Monday, 7:00 pm EDT - 8:00 pm EDT February 24, 2025
Livestreamed via Zoom
William Faulkner continues to engage and provoke readers and writers across the international landscape. In 2025 The Center for Fiction, in partnership with the Faulkner and Yoknapatawpha Conference, will offer programming around Faulkner and his work that will allow readers a lens into his work, his influence and the man. Who was William Faulkner and why are we still so influenced by his work today? To answer the former, scholars Carl Rollyson (The Life of William Faulkner) and Jerry W. Carlson will come together to discuss Faulkner’s life, influences, and work. From his early years as a child in post-Civil War America to his time as a Hollywood screenwriter and, finally, as one of the most lasting and influential voices of the American South, Faulkner’s life is as compelling as the stories it helped shape.

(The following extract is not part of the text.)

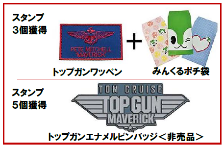 スタンプ3個獲得:抽選でトップガンワッペン+みんくるポチ袋(3種各1枚セット)をプレゼント(36名様)
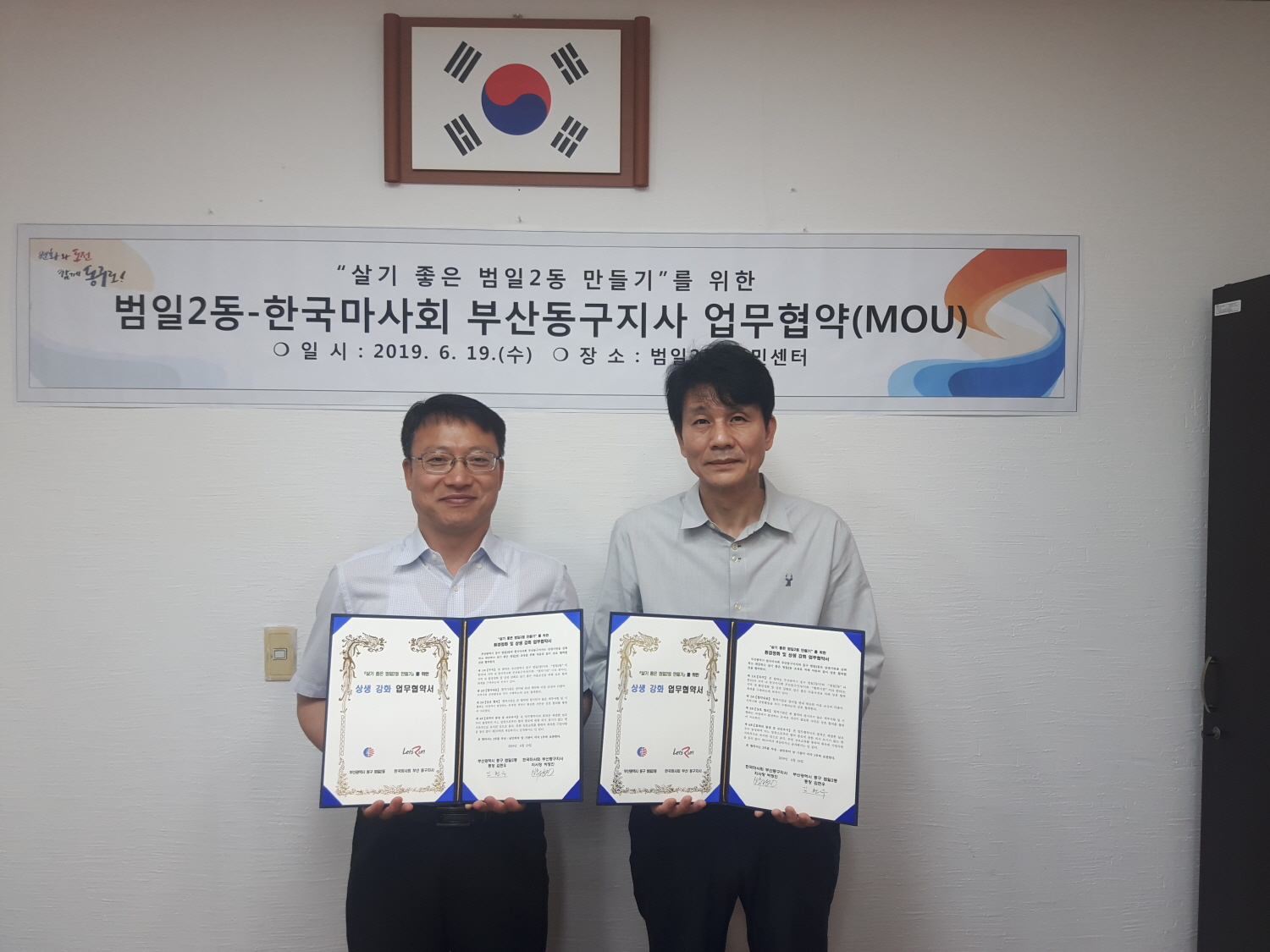 Çѱ¹¸¶»çȸ ºÎ»êµ¿±¸Áö»ç(Áö»çÀå ¹ÚÁ¤Áø)´Â Áö³ 19ÀÏ(¼ö) ºÎ»ê±¤¿ª½Ã µ¿±¸ ¹ýÀÏ2µ¿(µ¿Àå ±èÇö¿ì)°ú “ȯ°æÁ¤È ¹× »ó»ý°È ¾÷¹«Çù¾à(MOU)”À» ü°áÇß´Ù°í ¹àÇû´Ù.

Professor Jerry W. Carlson is a historian of narrative forms with special expertise in narrative theory, the history of the novel, global independent film, and the cinemas of the Americas. From 2013 to 2022 he served as Chair of the Department of Media & Communication Arts at The City College CUNY. In addition, at the CUNY Graduate Center he is a member of the doctoral faculties of French, Comparative Literature, and Film & Media Cultures and a Senior Fellow at the Bildner Center for Western Hemispheric Studies. His current research is focused on how film and prose fiction from the Global South portray the histories and legacies of slavery, imperialism and colonialism.
Carl Rollyson is the author of The Life of William Faulkner in two volumes, William Faulkner Day by Day, Uses of the Past in the Novels of William Faulkner, and the forthcoming Faulkner On and Off the Page: Essays in Biographical Criticism. His essay, “The Indispensable Faulkner” appears in the January issue of National Review.